Proton and Hydride Transfer Reactions involving Organic Ions and Ion Radicals

涉及有机离子和离子自由基的质子和氢化物转移反应

• 批准号: 0074405
• 负责人: Vernon Parker
• 金额: $ 41.55万
• 依托单位: Utah State University
• 依托单位国家: 美国
• 项目类别: Continuing Grant
• 财政年份: 2000
• 资助国家: 美国
• 起止时间: 2000-07-01 至 2003-12-31
• 项目状态: 已结题
• 来源: https://www.nsf.gov/awardsearch/showAward?AWD_ID=0074405&HistoricalAwards=false
• 关键词: Proton; Hydride; Transfer; Reactions; involving

With this renewal award the Organic and Macromolecular Chemistry Program supports the work of Dr. Vernon D. Parker at Utah State University in Logan, Utah. The work will extend earlier studies looking into the details of the mechanism of hydrogen transfer reactions from radical cations, positively charged organic compounds with an unpaired electron spin. Intermediates of this type are involved in a number of important biological oxidations by enzymes and industrial oxidation and polymerization reactions.The kinetics of C-H bond cleavage in various radical cations - by either proton or hydride transfer - will be studied by electrochemical and spectrophotometric methods (including stopped-flow) to determine how kinetic isotope effects depend on structure and extent of reaction. The hypothesis that many of these apparently simple bimolecular hydrogen transfer reactions actually take place by two steps with kinetically significant intermediates will be tested by experiments. The work is expected to provide valuable experience to graduate and postdoctoral students, as well as providing fundamental information of use to the organic chemical community.

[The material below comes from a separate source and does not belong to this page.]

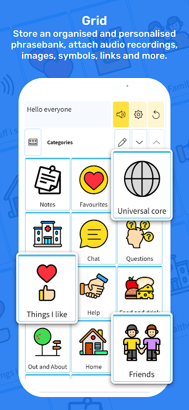Simpan dan atur frasa yang memerlukan akses cepat dalam format kisi sederhana. Sesuaikan lebih lanjut frasa Anda dengan menambahkan simbol, gambar, rekaman audio, tautan, dan lainnya.
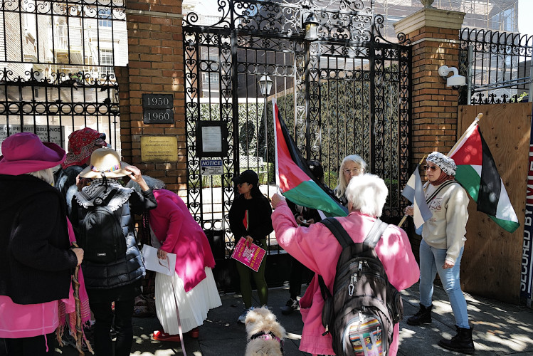 Members of Code Pink held a rally at the German Consulate in San Francisco calling upon Germany to desist in arming the Israeli military and to reopen humanitarian aid to Gaza.

有机化学和高分子化学项目支持犹他州洛根市犹他州州立大学的弗农·D·帕克博士的工作。这项工作将扩展早期的研究，探讨自由基阳离子氢转移反应的细节，自由基阳离子是带有未配对电子自旋的带正电的有机化合物。这类中间体参与了许多重要的生物氧化反应以及工业氧化和聚合反应。通过电化学和分光光度方法(包括停流)研究不同自由基阳离子中C-H键断裂的动力学，包括停流，以确定动力学同位素效应如何依赖于结构和反应程度。许多这些看似简单的双分子氢转移反应实际上是通过两个步骤与具有重要动力学意义的中间体发生的这一假设将通过实验得到检验。预计这项工作将为研究生和博士后提供宝贵的经验，并为有机化学界提供基本的使用信息。